By control signal I mean: PRESET, RESET and CE (Clock Enable)
In the secound case, rst has to go through an inverter then to CE pins of my_reg's FF
This adds unecessary logic and routing.
sxpert: you're not targetting the ice40 right ?
my_reg is not reset because it doesn't need to be reset since it's value won't be used when reset is deasserted (somewhere else in the design)
It doesn't matter which FPGA is targeted, crap coding style is crap coding style ;)
ylamarre: I'm raising it because the arch of the ice40 makes async reset much preferrable imho. For other (ecp/xilinx/...) not so much.
Notice, I also provide the length of all my signals. This ensures there are no surprises if register width should expand later on.
tnt: why?
ylamarre: in the ice40, sync resets is gated by CE. (so you need CE=1 for RST line to work).
Oh! good catch!
m4ssi has quit [Remote host closed the connection]
I heard something like that for some Intel parts, but never bothered with them so, I never really cared, but good to know thanks.
* ylamarre
has only ever really used Xilinx parts
We'll modify later to accomodate for that.
I think sxpert is working on ECP5 IIRC ?
ylamarre: I worked on xilinx pretty exclusively as well until I started doing ice40 stuff ~ 1 y ago.
Still need to get into ECP5 ... got the hw, just no time yet to dive into it.
I think both...
sxpert: Ok, so in your code, alu_active is a reset and CE merged together... avoid this!

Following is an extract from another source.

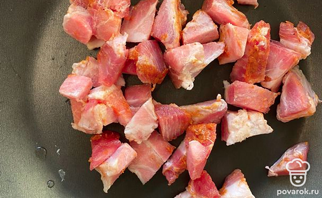 Мясо порежьте кубиками, добавьте паприку и соль.
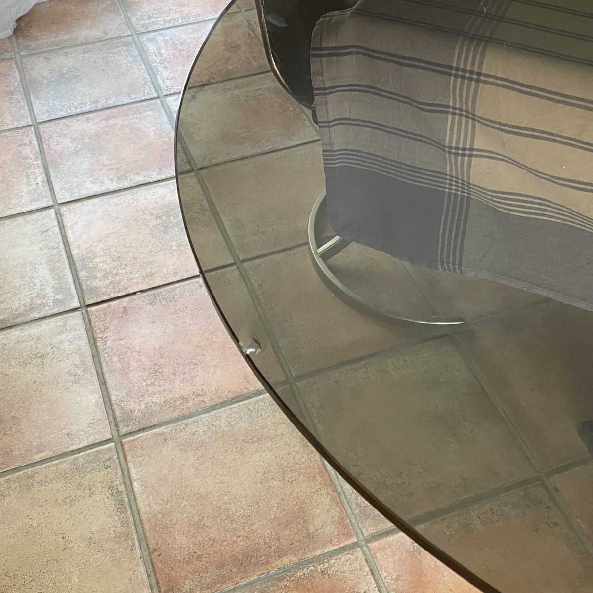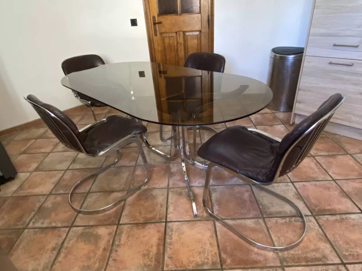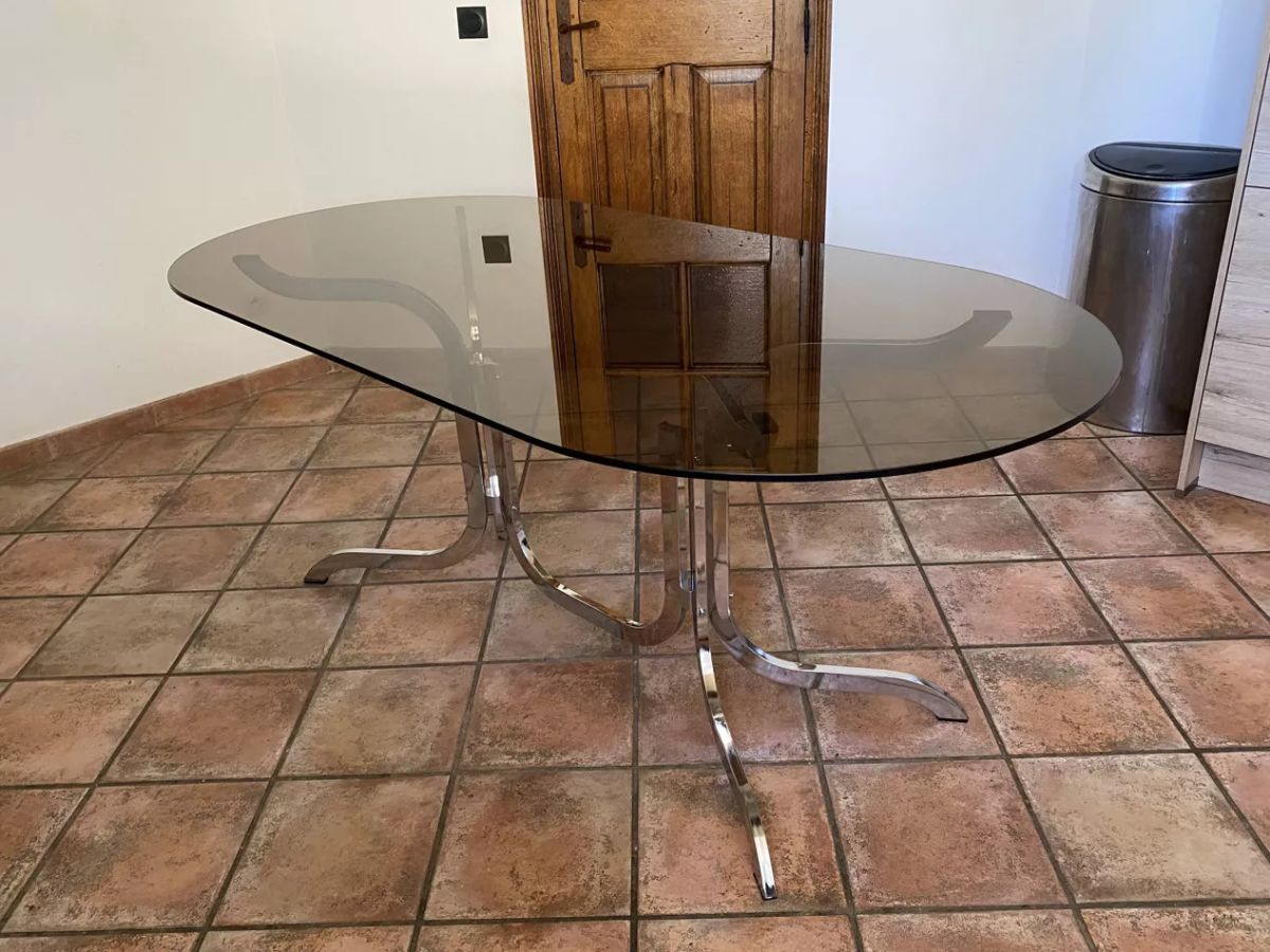 Piètement tubulaire arqué en acier chromé. Plateau ovale d’origine en verre fumé.

sxpert: You provide me with a good example here: wire [1:0] phase;
assign phase = i_clk_ph + 3;
well, alu_active is indeed reset and module_enable
verilog integers are 32bits signed
so that should be "2'b11" and not "3" ?
or maybe
If that's what you want...
"- 2'b01" ?
that's better.
'cause that's really the intent.
I thought the tool would cast the integer value to whatever the destination size is
I see
It's in the standard somewhere
Don't assume!
I'd also favor "- 2'd1"
Sign extension and subtle bit truncation will bite you back...
That's garanteed by Murphy!
zem has quit [Ping timeout: 240 seconds]
also, you have unbuffered substration followed by comparison going those some other logic which eventualy goes into reset and preset...
Your optimiser might save you, but I wouldn't rely on that.
zem has joined ##openfpga
Reversing the logic, my understanding here is you have logic that are only active one fourth of the time depending on the phase...
phase_0 is prepare commands onto the bus
phase_1 is when the other device on the bus does things
phase_2 is when the instruction decoder happens
phase_3 is when instruction execution starts or happens
ylamarre: I have updated the thing, does it look any better ?
Ok, and with all the comparisions and all that, instead on "saving" some flops on the adders and messing up your decoding logic, you might want to have a shift register, a one-hot state machine if you will
Code still looks the same on github...
hadn't pushed, sorry ;)
Not exactly what I'm trying to show you...
pointfree has quit [Excess Flood]
pointfree has joined ##openfpga
I'll rework the code on my way back home, I think it's a good example of how coding style "drives" the tool, but it's taking too much time and I need to work.
ok, no problem
I'll continue adding functionnality, and rewrite according to the new set of rules
oh yay, my order of amber 3ml syringes from amazon is out for delivery
Now i can play with my new UV cure epoxy
ylamarre: changed the clock generation to a shift register as you said
xdeller__ has quit [Read error: Connection reset by peer]
xdeller__ has joined ##openfpga
azonenberg_work: the amber color is to prevent the thing from curing in the daylight ?
they're basically a LPF with a cutoff in the mid-yellow range
so green/blue/UV are blocked
azonenberg: Like those sleeping glasses?